Partilerin seçim beyannamelerinin de ortaya koyduğu üzere konuya ilişkin kafa karışıklığı, Genelkurmayın da bir dönemki ifadesiyle “düşük yoğunluklu savaş” atlatılmış olmasına rağmen hala giderilebilmiş değil.

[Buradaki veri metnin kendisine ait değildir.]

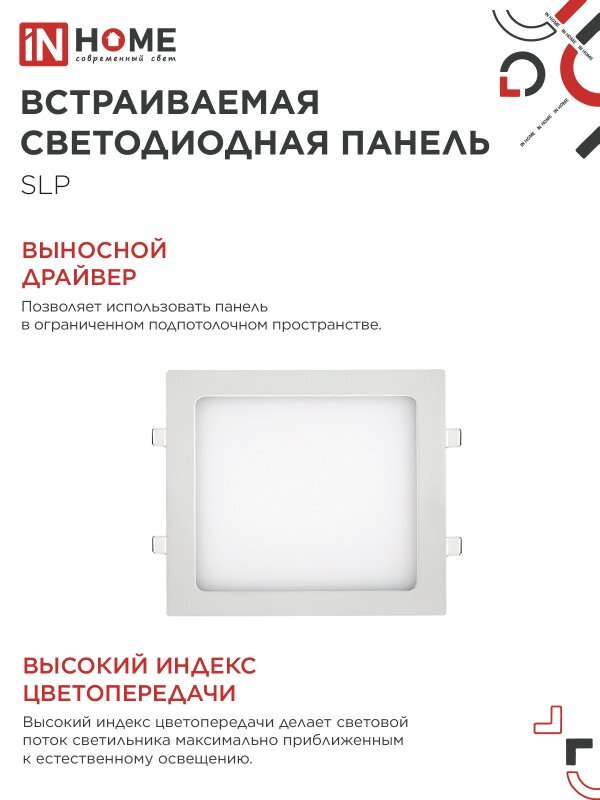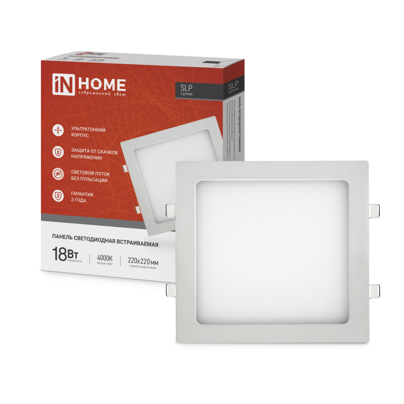 Светильник светодиодный SLP 18Вт 4000К IP40 1260лм 230В 220мм квадрат встраив. панель бел. IN HOME 4690612007175

Bir dönem “mesele”yi merkezî bir noktada değerlendiren siyasi hareketlerin bir başka dönem “mesele”ye daha tedbirli bir dille yaklaşmaları, bazı siyasi hareketlerin konuyu tamamen yok farzetmeleri, CHP gibi devlet kuran bir partinin “mesele”yi seçim kazanma stratejisi bağlamında bir müzakere konusu haline getirmeyi vaad etmesi kavramlar ve kurumlar konusunda çok net sınırlar ve tanımlar geliştirilmedikçe konunun sağlıklı bir biçimde ele alınmasının oldukça zor olduğunu göstermektedir.

Bu noktada bir anekdot aktararak yazıyı sonlandırmak ufuk açıcı olabilir. 26 Şubat 1921’de uzun yıllar İngiltere’nin İstanbul’daki diplomatik misyonunda görev almış olan Aubrey Herbert Almanya’da Talat Paşa ile uzun bir mülakat gerçekleştiriyor. Herbert, mülakat boyunca özellikle Enver Paşa hakkında sorular yöneltiyor Talat Paşa’ya. Paşa Herbert’e Enver Paşa’nın bir kahraman ve vatansever olduğunu söylüyor. Herbert sorularını Enver Paşa’nın sağcı mı yoksa solcu mu olduğunu öğrenecek şekilde tavzih ediyor. Talat Paşa Enver Paşa’nın genellikle liberal bir görüşe sahip olduğunu belirttikten sonra ekliyor: “Fakat siyaset değişken, vatanseverlik kalıcıdır.”

Bu “mesele”de de çok net sınırlar ve tanımlar geliştirmek için kullanılabilecek en basit ve en güçlü ilke olarak bu tespitten hareket edilmesi yerinde olacaktır. Sağcılık ya da solculuk değişken, vatanseverlik sabit ve “objektif” bir veri olarak ele alınmaya başladığında “sorun”a ilişkin yeni bir açılım geliştirme imkânı da ortaya çıkmış olacaktır.